Castor should be planted when the soil is warm--a 10 day average of 15.6°C
at 20 cm depth at 8 a.m. In the Plainview, Texas, area, May 5 to 25 is usually
satisfactory. Castor should not be planted after June 10 in that area. Only
seed of high germination and of good quality should be planted to assure timely
emergence and adequate plant populations. Seed treatment materials may be
applied if needed to control damping-off in cold soils.

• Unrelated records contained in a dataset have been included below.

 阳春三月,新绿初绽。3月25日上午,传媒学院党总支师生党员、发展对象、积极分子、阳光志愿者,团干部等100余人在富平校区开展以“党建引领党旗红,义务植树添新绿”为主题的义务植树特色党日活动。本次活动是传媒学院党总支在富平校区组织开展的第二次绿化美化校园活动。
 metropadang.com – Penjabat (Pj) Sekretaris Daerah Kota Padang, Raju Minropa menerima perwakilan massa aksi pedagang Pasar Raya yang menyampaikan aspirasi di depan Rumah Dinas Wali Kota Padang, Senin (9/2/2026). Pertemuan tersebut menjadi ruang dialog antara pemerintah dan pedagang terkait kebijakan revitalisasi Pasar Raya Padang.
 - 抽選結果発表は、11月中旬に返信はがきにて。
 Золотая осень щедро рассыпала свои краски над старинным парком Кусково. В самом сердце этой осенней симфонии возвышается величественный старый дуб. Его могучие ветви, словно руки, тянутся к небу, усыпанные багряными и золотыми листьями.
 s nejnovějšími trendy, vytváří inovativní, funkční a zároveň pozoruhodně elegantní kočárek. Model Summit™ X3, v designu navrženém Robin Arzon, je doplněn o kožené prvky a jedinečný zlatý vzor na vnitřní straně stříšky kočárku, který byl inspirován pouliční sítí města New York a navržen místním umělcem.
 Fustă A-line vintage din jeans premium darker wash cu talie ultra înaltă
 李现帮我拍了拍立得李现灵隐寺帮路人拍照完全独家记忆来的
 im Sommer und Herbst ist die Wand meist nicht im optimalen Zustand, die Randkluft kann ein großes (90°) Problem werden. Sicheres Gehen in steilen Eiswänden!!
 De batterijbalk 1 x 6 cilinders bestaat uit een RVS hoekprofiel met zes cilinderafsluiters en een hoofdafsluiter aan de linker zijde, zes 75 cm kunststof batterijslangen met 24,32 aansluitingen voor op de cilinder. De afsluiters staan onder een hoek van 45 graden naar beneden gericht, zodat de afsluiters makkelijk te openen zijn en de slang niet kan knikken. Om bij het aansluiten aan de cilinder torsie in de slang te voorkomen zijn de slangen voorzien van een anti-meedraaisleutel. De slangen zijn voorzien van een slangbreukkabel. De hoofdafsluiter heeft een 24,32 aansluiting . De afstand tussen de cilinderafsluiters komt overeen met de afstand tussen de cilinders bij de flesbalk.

Castor seeds are large and slow to germinate; emergence of the seedlings may
take 7 to 14 days. Castor seeds require moist soil over a longer period than
maize or cotton. Seeds should be planted 6.3 to 7.6 cm deep, depending on
texture and condition of the soil. If press wheels are used in contact with
the seed, care should be taken that they do not crush the seed. Castor is
planted in 0.96 to 1.01 m rows, with a seeding rate of 11.2 to 15.7 kg/ha and
plant spacing of 20 to 25 cm within the row. Special care must be taken to
prevent crushing the fragile seed in the planter box. Air planters are ideal,
and can space seeds precisely. Use of an inclined-plate planter is also a
preferred method, but a cotton planter box can be used if properly modified
(Brigham and Spears 1961).
Adequate amounts of nitrogen, phosphorus, and potassium must be available to
produce high yields of castor seed. Levels of these nutrients should be
determined by soil test. If the soil is deficient in nitrogen, 90 to 135 kg/ha
of nitrogen usually are needed for maximum yields. A split application of
nitrogen is often used, with the second half sidedressed between the rows at
last cultivation. If phosphorus is needed, application should be made before
planting time. Potassium can be applied at planting time. A minimum of 37 to
56 kg/ha of P is needed for production of castor, and 15 to 19 kg/ha of K.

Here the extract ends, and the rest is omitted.